Extracted records =>

──────────

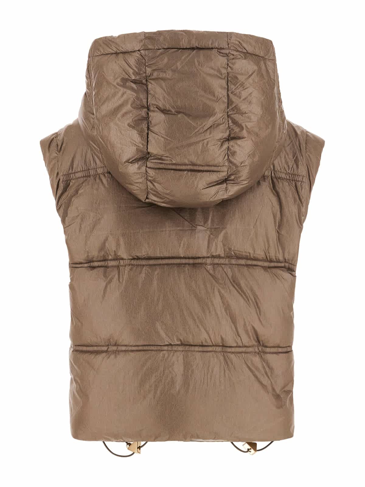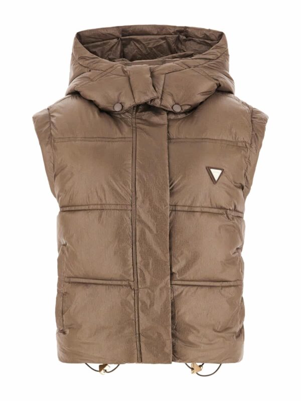 A lightweight cropped length padded gillet from guess in a neutral taupe/bronze tone. Gold button details.
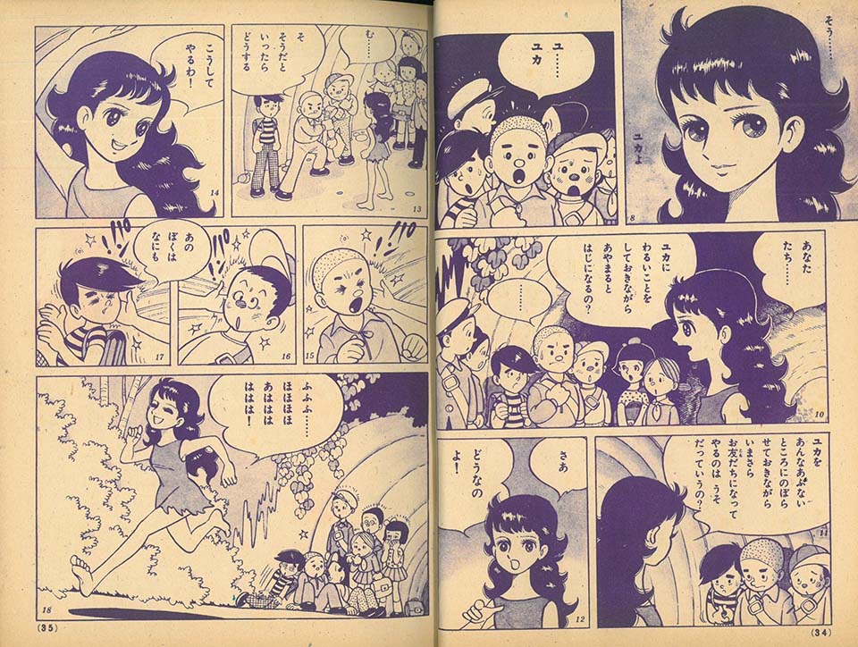 1959年、ちばてつやは少女向けの悲しいお話を描くのがだんだん辛くなり、「ユカをよぶ海」連載第2回に、意地悪してきた男の子をひっぱたくような少女を描いてしまいました。編集者には人気が落ちると言われましたが、実際は「そこが面白かった!」と大反響。「そこからふっ切れましたね。ああ、女の子って悲しいものだけが好きじゃないんだ、元気な、活発で思ったこと言いたいことをパッと言うような明るい子もいいんだなっていうことに気がついて。それからぼくはもう少女ものということを意識するのをやめまして、男の子が読んでも女の子が読んでも面白ければいいんだと、そこからすごく楽になりましたね」
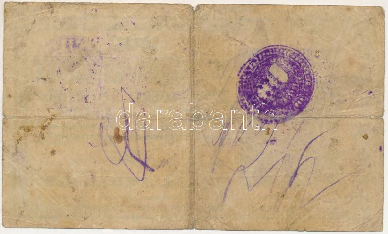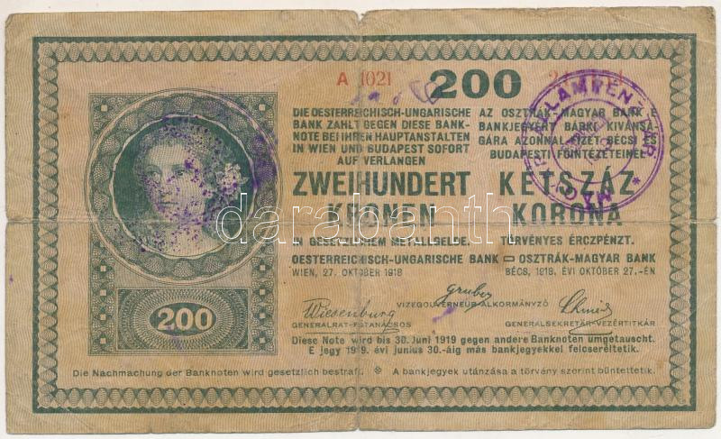 Leírás: 1918. 200K "1021" sima hátlappal, hamis "Magyar Állampénztár" felülbélyegzéssel T:VG folt, kis szakadás, anyaghiány
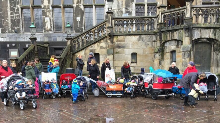 Es war kalt, es regnete, Sturmböen fegten über den Markt und es war Aschermittwoch: Eine Handvoll Tagesmütter, Mütter und Kleinkinder hatte sich gestern vor dem Rathaus zu einer Mahnwache eingefunden.
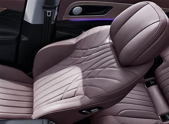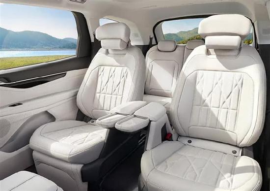 内饰方面,新车使用环抱式简约座舱,虽然将不少功能集中在15.6英寸悬浮式中控屏幕内,但依然保留了常用功能实体按键,以方便驾驶员进行操作。女王副驾拥有通风加热、3点Spa级按摩、电动腿托和副驾老板键等功能。此外,新车还拥有946mm二排空间、2065L后备箱空间和38处储物空间,5+2的座椅布局可以实现12种组合,二三排一键放倒,秒变2.1m大床房。

──────────

Task description => Pictures don't belong in the copy. Restate all the entries exactly.

Task solution =>
 A lightweight cropped length padded gillet from guess in a neutral taupe/bronze tone. Gold button details.
 1959年、ちばてつやは少女向けの悲しいお話を描くのがだんだん辛くなり、「ユカをよぶ海」連載第2回に、意地悪してきた男の子をひっぱたくような少女を描いてしまいました。編集者には人気が落ちると言われましたが、実際は「そこが面白かった!」と大反響。「そこからふっ切れましたね。ああ、女の子って悲しいものだけが好きじゃないんだ、元気な、活発で思ったこと言いたいことをパッと言うような明るい子もいいんだなっていうことに気がついて。それからぼくはもう少女ものということを意識するのをやめまして、男の子が読んでも女の子が読んでも面白ければいいんだと、そこからすごく楽になりましたね」
 Leírás: 1918. 200K "1021" sima hátlappal, hamis "Magyar Állampénztár" felülbélyegzéssel T:VG folt, kis szakadás, anyaghiány
 Es war kalt, es regnete, Sturmböen fegten über den Markt und es war Aschermittwoch: Eine Handvoll Tagesmütter, Mütter und Kleinkinder hatte sich gestern vor dem Rathaus zu einer Mahnwache eingefunden.
 内饰方面,新车使用环抱式简约座舱,虽然将不少功能集中在15.6英寸悬浮式中控屏幕内,但依然保留了常用功能实体按键,以方便驾驶员进行操作。女王副驾拥有通风加热、3点Spa级按摩、电动腿托和副驾老板键等功能。此外,新车还拥有946mm二排空间、2065L后备箱空间和38处储物空间,5+2的座椅布局可以实现12种组合,二三排一键放倒,秒变2.1m大床房。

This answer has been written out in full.